Welcome to Facilitated, where we bring you real stories, strategies, and science from the world of functional medicine. I'm Dr. Mitchell Rasmussen, a functional medicine practitioner.

SPEAKER_03

And I'm Kate Darty, a certified nutritionist. We are the owners of the facility, a functional medicine clinic here in Denver, Colorado.

SPEAKER_00

We help people improve their biology and get out of their own way. In my view, our work is about getting to know the person with the condition much more than it's about understanding which condition the person has. As I always say, diagnose the biology, not the disease.

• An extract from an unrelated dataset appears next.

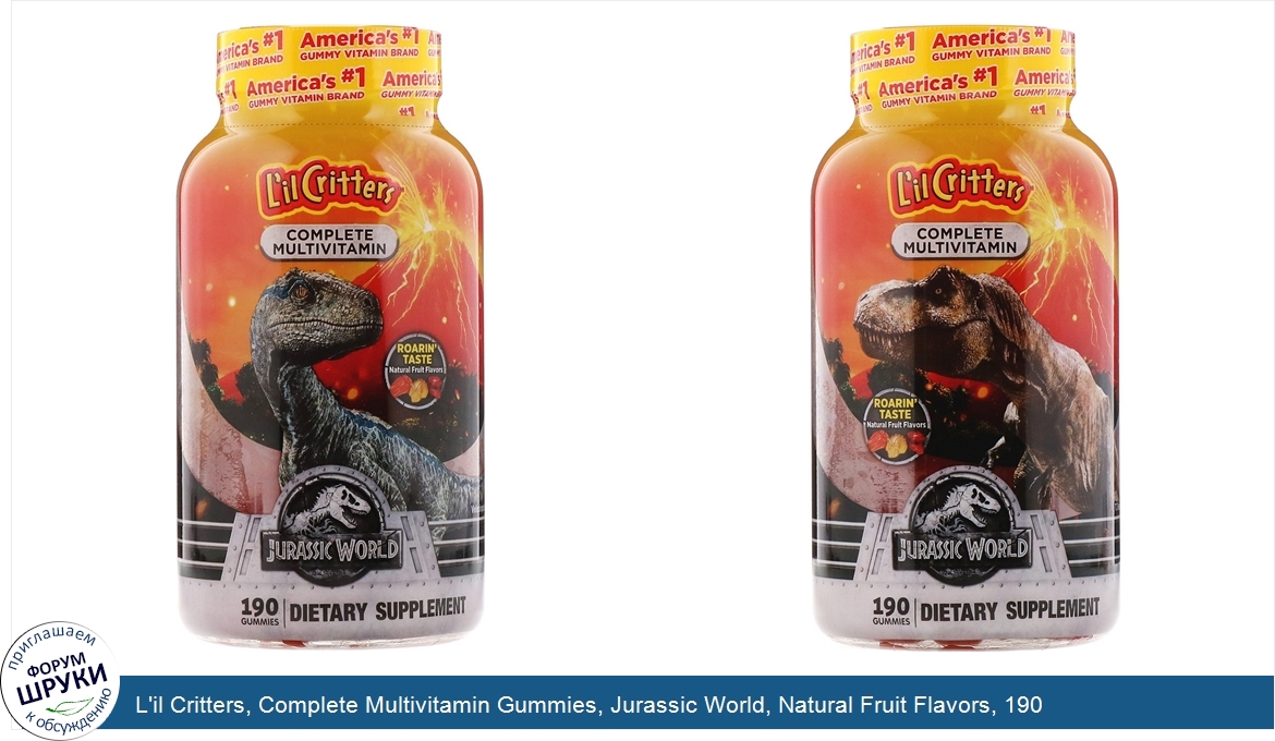 Друзья, если у вас есть отзыв/дополнение/комментарий/вопрос относительно L'il Critters, Complete Multivitamin Gummies, Jurassic World, Natural Fruit Flavors, 190 Gummies - напишите его ответом в эту тему (это будет полезно всему сообществу в целом и вам в отдельности).

Disclaimer And Light Banter

SPEAKER_03

On this podcast, we break down complex health topics, share real patient cases, anonymized, of course, and explore cutting-edge wellness strategies so you can make informed decisions about your health. Quick heads up before we dive in. We're here to share insights, not to diagnose or treat. So if you're dealing with a health issue, chat with a qualified healthcare provider before making any changes. All right. I can't hear us.

SPEAKER_00

Put the headphones on because you know I'm not going to. Can you hear me? Yeah. Have you seen the Instagram of Stevie Got Me Rollin'? No. I think that's what it's called. This dude gets these people that have no money to sign up for like 12-year car loans. I'm sure it's just a repo guy. I'm sure, but it's so funny. Stevie got me rolling their. I understand the rolling thing. Yeah, and I see his his Instagram stuff pops up and it's just like, got this 2021 charger with$350 down. And the comments are like, yeah, an 87% interest on a 30-year car loan. And or like the repo man's taking their address, and that's when I th said rolling. That's what I pictured. Stevie got me rolling.

SPEAKER_01

Alright.

SPEAKER_00

So you don't know that reference. No. Let me explain it again. I'm just kidding. Well, what are we doing today?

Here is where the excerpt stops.